Rhizomatic’s Newest Client: Spuyten Duyvil

Happy to announce that we’ll be publicizing two forthcoming books from Spuyten Duyvil Press: How To Walk Away, by Lisa Birman; and Talking To The Dead, by Rachel Hadas. More about the books and their writers below:

About How To Walk Away

After three years in Afghanistan, Otis is adjusting to life back home. Struggling with post-traumatic stress disorder, he obsessively replays the traumas of war, cataloging the names of the dead. Cat, his wife, is a genealogist who makes maps of families in an attempt to understand her world. When a car accident takes Otis’s left arm, he’s grateful to bear a physical loss that makes his damaged emotional self visible. As he recovers, he and Cat confront the silences upon which their marriage is built.

Lisa Birman is the author of How To Walk Away, forthcoming from Spuyten Duyvil Press; For That Return Passagea Valentine for the United States of America (Hollowdeck Press, 2008); and co-editor of Civil Disobediences: Poetics and Politics in Action (Coffee House Press, 2004). She has published several chapbooks of poetry, and her work has appeared in Floor Journal, Milk Poetry Magazine, Revolver, and not enough night. She teaches for Naropa University’s MFA in Creative Writing.

About Talking to the Dead

All the essays in Talking to the Dead not only use language but are about language, each one collapsing time in different ways. One piece finds Rachel Hadas searching through her long-dead father’s books to learn his thoughts about teaching. In other essays, Walt Whitman’s or Pindar’s words come unbidden to help express and humanize Hadas struggles, whether bathing her demented and aphasic husband, or watching him sleep. In another, she moderates a fictive round-table discussion about reading, writing, and teaching, whose participants include Willa Cather, Charles Dickens, Colm Toibin, Andrew Delbanco, E.M. Forster, Nicholas Murray Butler, and others. The extended, rhapsodic essays are punctuated by shorter pieces, which tend to focus on a single personality, like Alan Ansen; or experience, like translating a poem by Sylvia Plath into Modern Greek. Talking to the Dead is a poet’s prose, prose located at the crossroads where memoir, literary journalism, belles-lettres, and poetry meet, endeavoring to apply literature to experience in such as a way as to illuminate both the life lived and the words on the page.

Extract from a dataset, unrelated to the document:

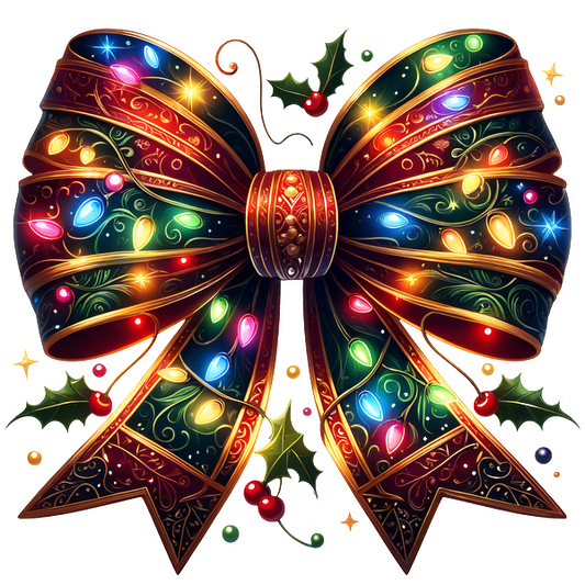 A festive, vibrant Christmas bow adorned with colorful lights and holly accents, perfect for holiday decorations. heat press transfers

Rachel Hadas studied classics at Harvard, poetry at Johns Hopkins, and comparative literature at Princeton. Between college and graduate school she spent four years in Greece, an experience that surfaces variously in much of her work. Since 1981 she has taught in the English Department of the Newark (NJ) campus of Rutgers University, and has also taught courses in literature and writing at Columbia and Princeton, as well as serving on the poetry faculty of the Sewanee Writers’ Conference and the West Chester Poetry Conference. She has received a Guggenheim Fellowship in Poetry, an Ingram Merrill Foundation grant in poetry, and an award in literature from the American Academy and Institute of Arts and Letters. Hadas is the author of many books of poetry, prose, and translations. A memoir about her husband’s illness, Strange Relation, was published by Paul Dry Books in 2011.  A new book of poems, “The Golden Road,” was published by Northwestern University Press in the fall of 2012.